Archive for September, 2009

Things to Consider When Buying Data Warehouse Tools

Wednesday, September 30th, 2009

Summary: Data warehousing tools are the tools that support data warehouse functions in different stages. These are basically software applications needed for the ETL (Extract, Transform, Load) process. These tools extract and transform data from operational systems and then help load that data into the data warehouse that further assists managers or users of an organization in the business decision-making process. The ETL process involves very complex activities. In order to facilitate the ETL process it is important to employ the right data warehouse tools.

Companies that consider having their data warehouses may buy data warehouse tools from third parties or they can develop their own tools. For this job they often engage in-house programmers. However, when data transformation requirements seem challenging companies are recommended to seek the help of third party tools that would be more advantageous. But when buying data warehousing management tools a few things should be kept in mind. Below are a few aspects that need your attention:

- Functional capability: The tools that you choose should be able to handle both the transformation as well as cleansing part of a data-warehousing project. If a tool has strong capability for both the tasks, then you may consider buying it. It is very important for a data warehouse tool to have strong capability.

- Ability to read directly from data source: A tool should have the ability to read directly from the data source. As we all know a data warehouse gets its data from varied sources and when a tool has this ability it would make the processing faster and more efficient.

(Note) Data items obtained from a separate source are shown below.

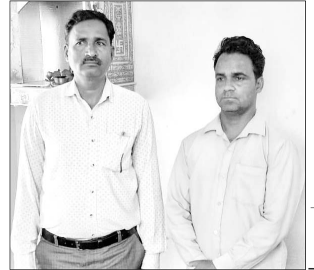
एसीबी ने रिश्वत लेने के दो आरोपियों को गिरफ्तार किया।
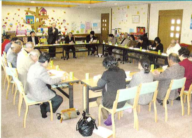
▲市内の福祉活動についての情報交換
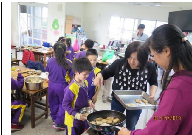
家長為孩子示範煎蘿蔔糕並說明注意事項
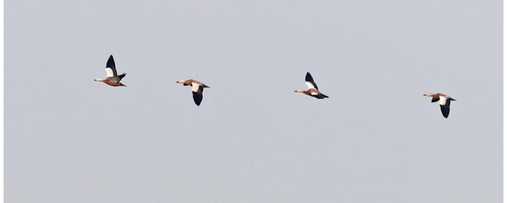
Casarca's 23-08-2017 de Puinhoop Katwijk
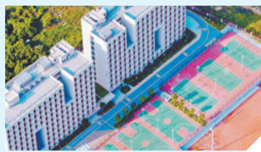
厦门六中同安校区

“名校跨岛”又有新进展:厦门二中集美校区、厦门六中同安校区投用。“百校焕新”绝大部分可完工:第一批“百校焕新”共涉及57所学校120个项目。

- Metadata support: A warehouse management tool must have the capability to handle metadata. This aspect is very important because metadata of a data warehouse is used to map the source data to its destination.

There are plenty of data warehouse management tools developers in the market. To make your search for ETL tools easier below is a piece of information about popular ETL tools:

- The IBM WebSphere DataStage is an ETL tool, formerly known as Ardent DataStage and Ascential DataStage. This is a part of the IBM WebSphere Information Integration suite and the IBM Information Server, which is very easy to use, thanks to its visual interface. The tool is available in many versions including the Server Edition and the Enterprise Edition.

- Business Objects is a French company known for its enterprise software products. Its Data Integrator, integration and ETL tool is a popular product that was previously known as Acta. The ETL tool features the Data Integrator Job Server and the Data Integrator Designer.

Online Analytical Processing For Data Warehousing

Friday, September 18th, 2009

Summary: Data warehouses have played a very important role in organizational settings in the recent times. These can be used for sophisticated enterprise intelligence systems that process queries required to discover trends and analyze critical factors in the marketplace. These systems are known as online analytical processing (OLAP) systems. OLAP systems help designers organize data in the warehouse distinctively. The data in data warehouses is organized differently than in traditional transaction processing databases.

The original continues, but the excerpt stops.